Ich beschäftige mich gerade mit UML 2 und suche dazu kleine Übungsaufgaben die ich modellieren kann. Schön wäre es auch wenn es Lösungen zu den Beispielen gibt oder ich meine Lösungen ins Forum posten kann damit ich ein Feedback bekomme ob ich es auch richtig mache.

Für die Theorie habe ich mir schon ein Buch (UML Das umfassende Handbuch) besorgt das ich auch ganz gut finde da es auch einen Bezug zu Java herstellt.
Nur fehlen mir noch Übungsbeispiele wo ich dann auch mein "Wissen" anwenden und testen kann.

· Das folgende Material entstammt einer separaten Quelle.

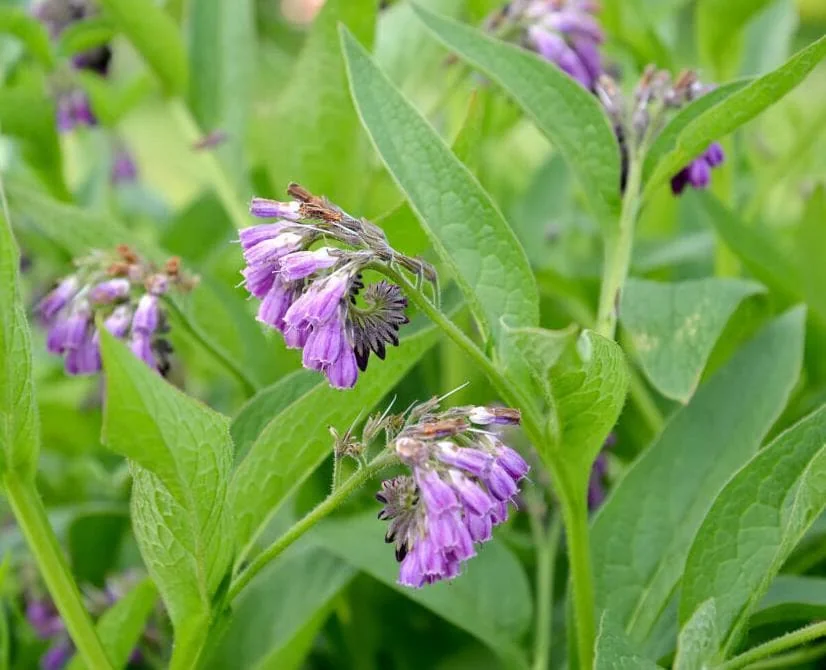 - Natural Soil Enrichment: Comfrey’s deep roots mine nutrients from deep within the soil, making them accessible to other shallow-rooted plants. Using its leaves as a ‘chop and drop’ mulch or in compost enriches your garden beds with vital minerals and nitrogen.

Wäre super wenn jemand ein paar Beispiele oder links zu Beispielen hat und sie mir zur Verfügung stellen kann! 

godi


----------



## Heady86 (1. Sep 2010)

Hi,

also auf FH/Studiumsseiten oder ähnlichem findet man immer einiges an Übungsblättern mit Lösungen:

z.B.

- Aufgabe (ohne Lösung)
- Lösung

grüße


----------



## godi (16. Sep 2010)

Hallo!

So nachdem ich die UML kurz mal ein wenig vernachlässigt habe, habe ich wieder was weitergemacht.

Im Anhang befindet sich ein kleines Beispiel für ein Use Case.
Wäre super ob mir wer sagen könnte ob das in etwa so passt. 

godi


----------



## godi (18. Sep 2010)

Hallo!

Naja anscheinend beschäftigen sich hier nicht recht viele Leute mit UML...

Kennt jemand ein gutes (deutschsprachiges) UML Forum? 

Ich würde echt gerne UML anständig lernen nur ist das ein wenig schwierig alleine.

godi


----------



## Marcinek (21. Sep 2010)

Hallo ;D

Das wissen um UML passt auf eine DIN A4 seite.. Obwohl das einen hohen Rang in der Schule / Uni hat, wird es im realen Leben nicht so oft eingesetzt, wie dies die Uni suggerirt ..

Es gibt 10000 Bücher zu diesem Thema, da gibt es auch Übungsaufgaben.

Gruß,

Marcinek


----------